Honestly, I used the question above to try and get at whether you needed to work 60 hours a week and work on the weekends to be someone who stood out. I pretty frequently work on the weekends because I enjoy what I do, I wouldn’t enjoy it if it was expected.
What software are you using?
Really, I like to get this question out of the way during the phone screen. I’m not personally interested in working for a SAS shop, so I’d want to know that upfront. My favorite response to this question is “you can use whatever open source tools you’d like as long as it’s appropriate for the problem.”
Is there anything else I can tell you about my skills and qualifications to let you know that I am a good fit for this job?

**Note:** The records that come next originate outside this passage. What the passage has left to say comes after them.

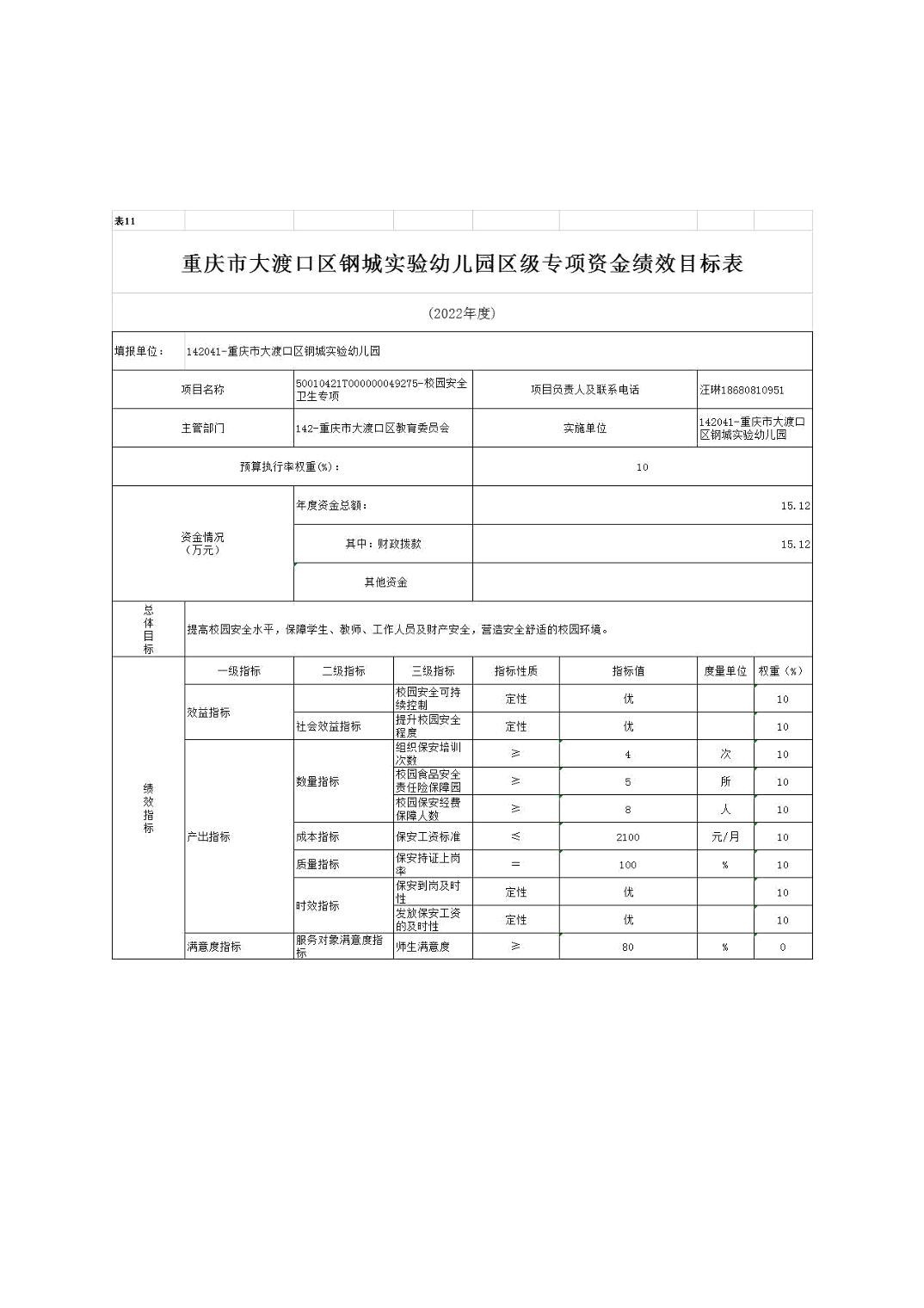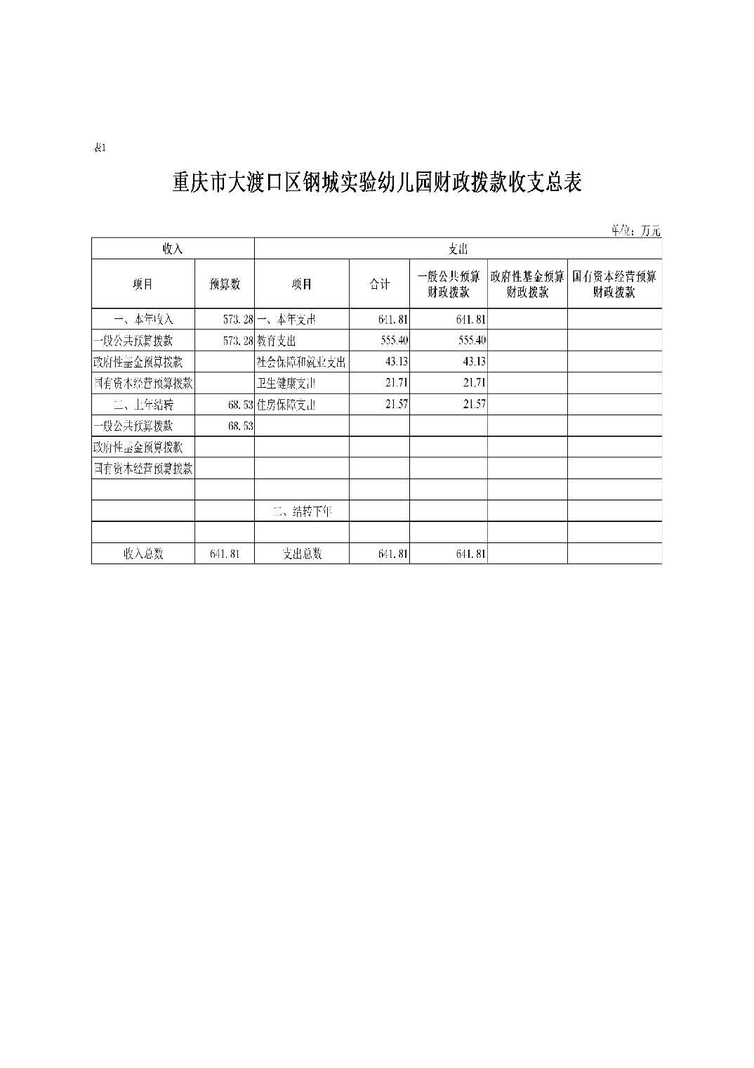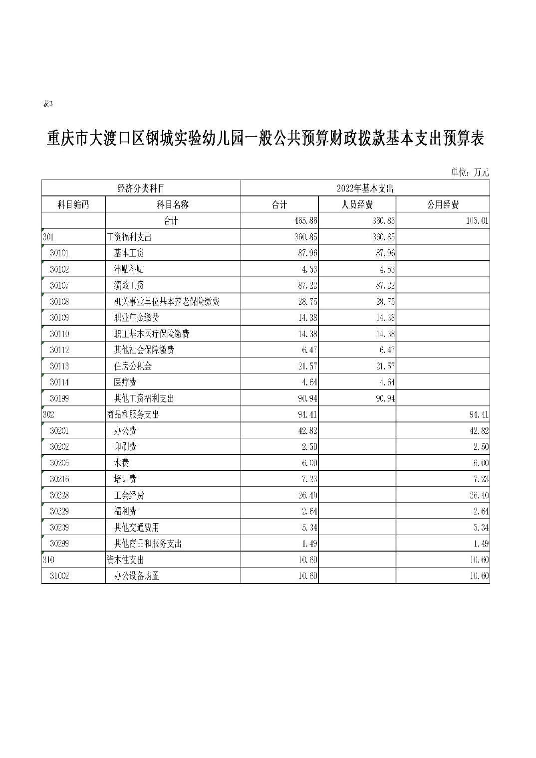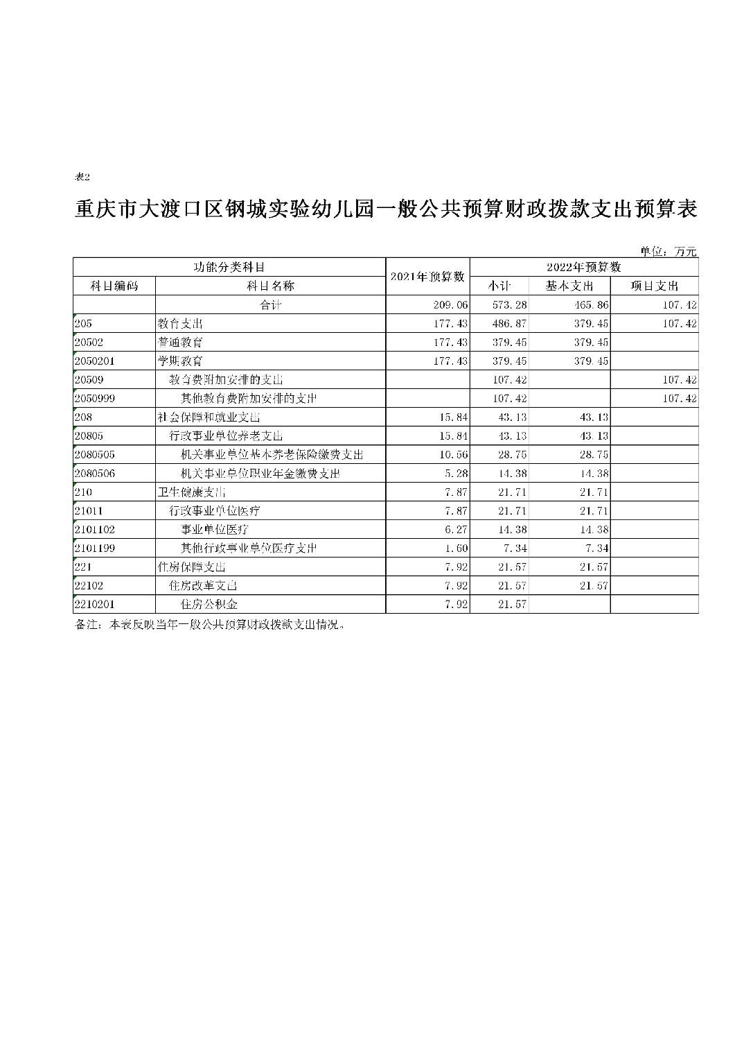 重庆市大渡口区钢城实验幼儿园2022年单位预算情况说明
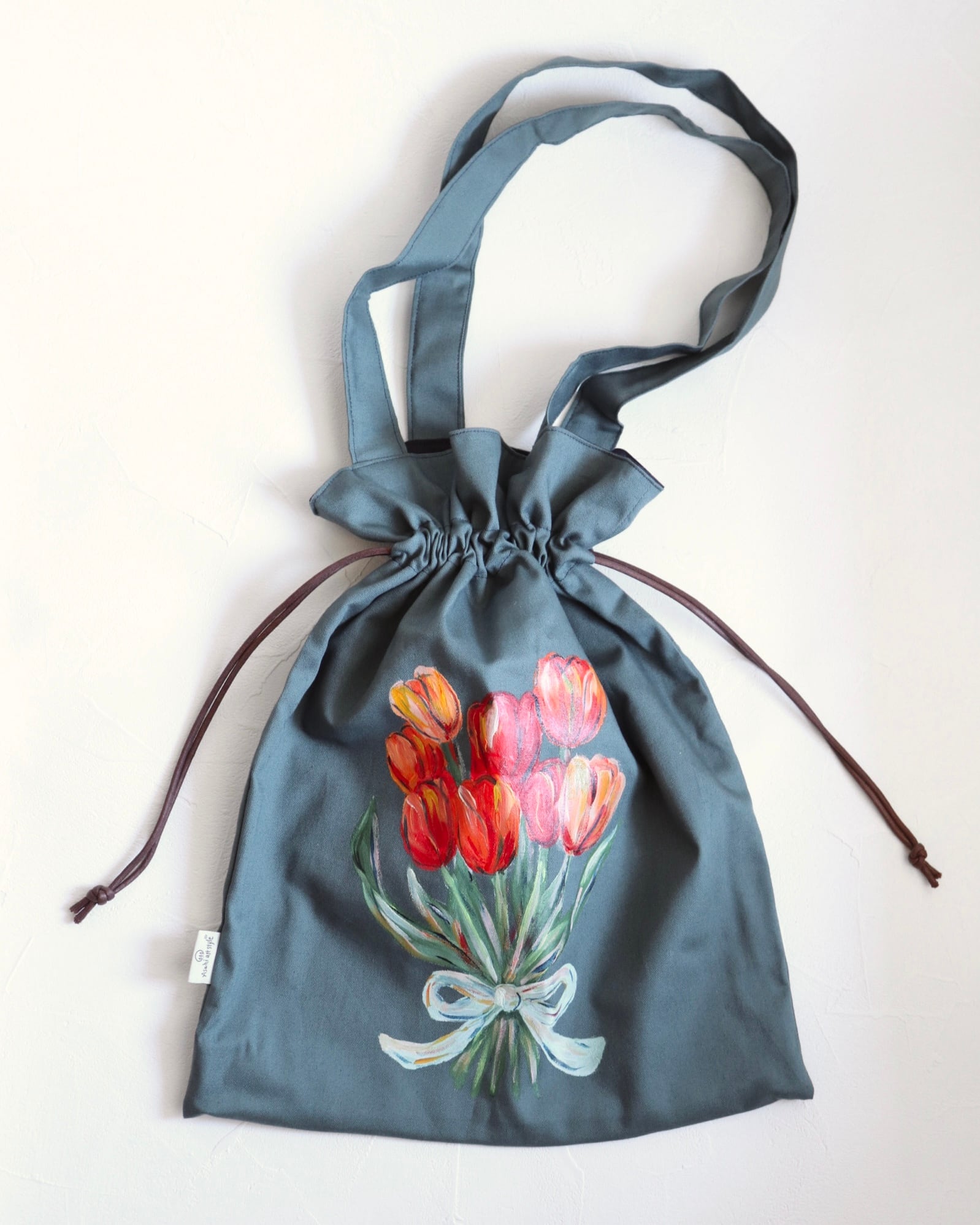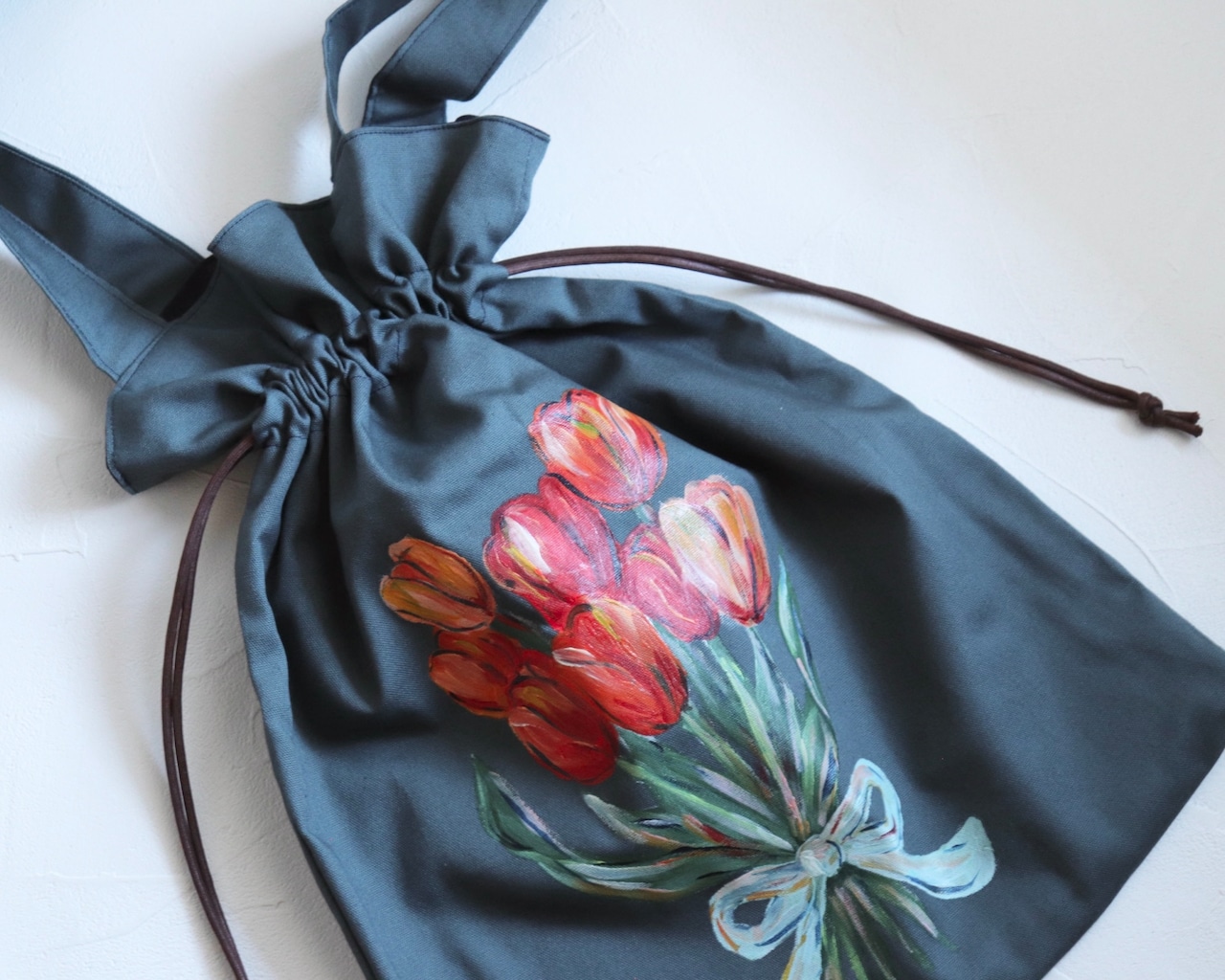 手描きのチューリップブーケが描かれた巾着トートバッグ
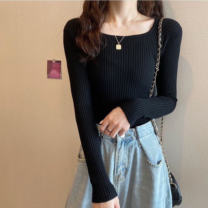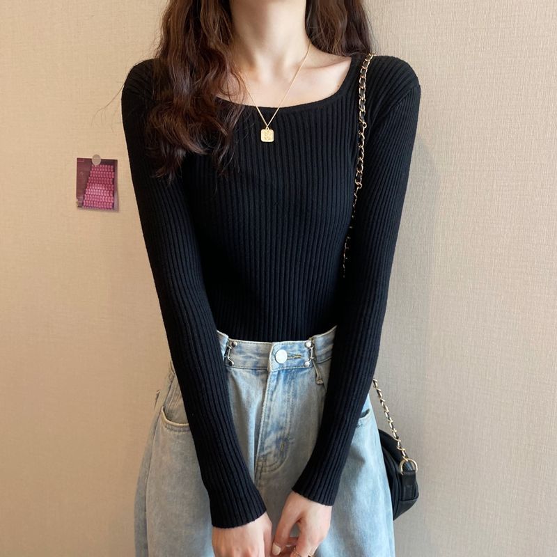 商品名:リブニット レディース スクエアネック 長袖 セーター 春 秋 冬 トップス 薄手 ニット インナー 高伸縮 ストレッチ シンプル 着回し力 きれいめ 会社 仕事 オフィス カジュアル OL ママ
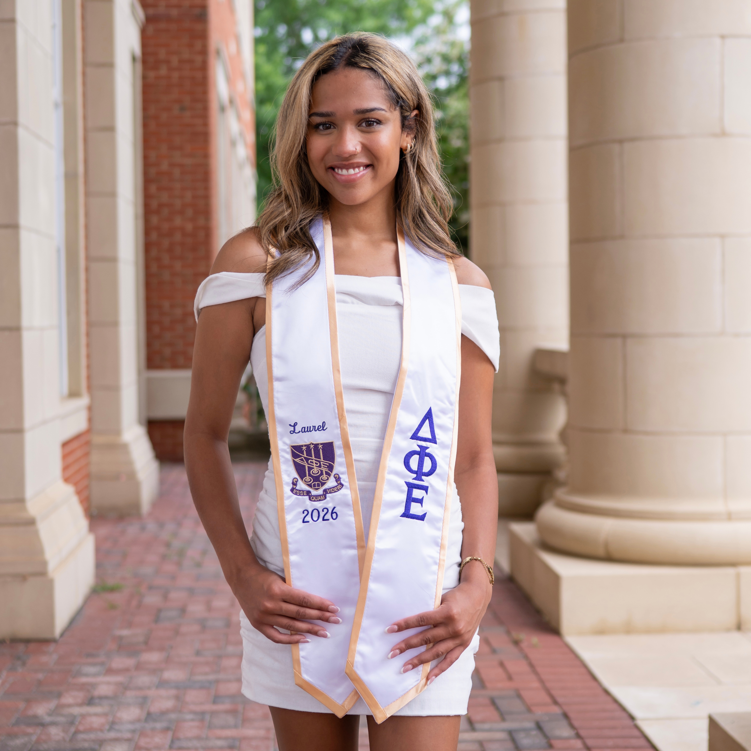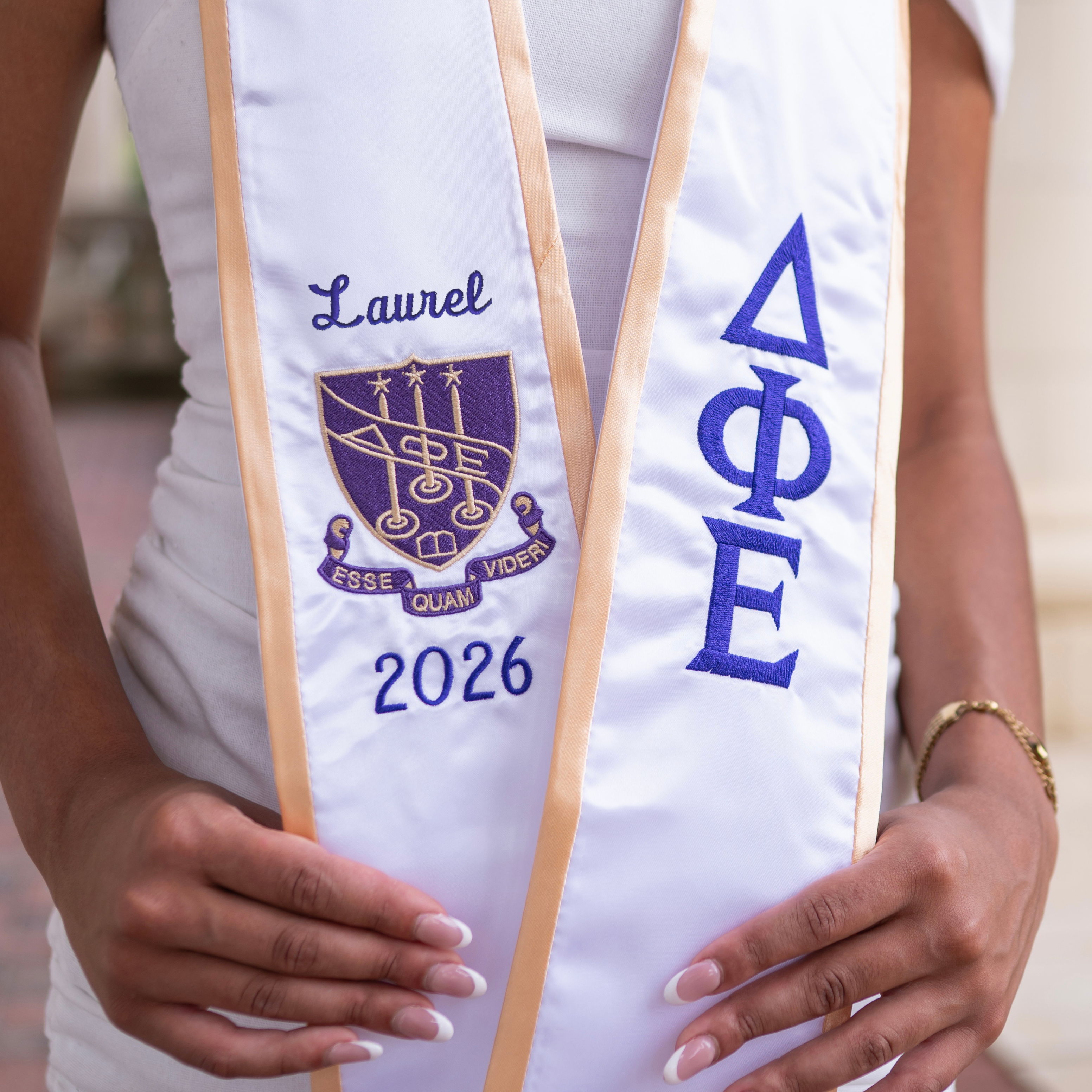 Delta Phi Epsilon Personalized Crest Pointed Sorority Graduation Stole

This is your opportunity to let them tell you if there is anything that you haven’t covered yet, or that they might be concerned about. You don’t want to leave an interview with them feeling like they didn’t get EVERYTHING they needed to make a decision on whether or not to hire you.
When can I expect to hear from you?
I also ask about the reporting structure, and I certainly ask about what type of projects I’d be working on soon after starting (if that is not already clear).
Summary
I wish you so much success in your data science interviews. Hopefully you meet a lot of great people, and have a positive experience. After each interview, remember to send your thank you notes! If you do not receive an offer, or do not accept an offer from a given company, still go on LinkedIn and send them connection requests. You never know when timing might be better in the future and your paths might cross.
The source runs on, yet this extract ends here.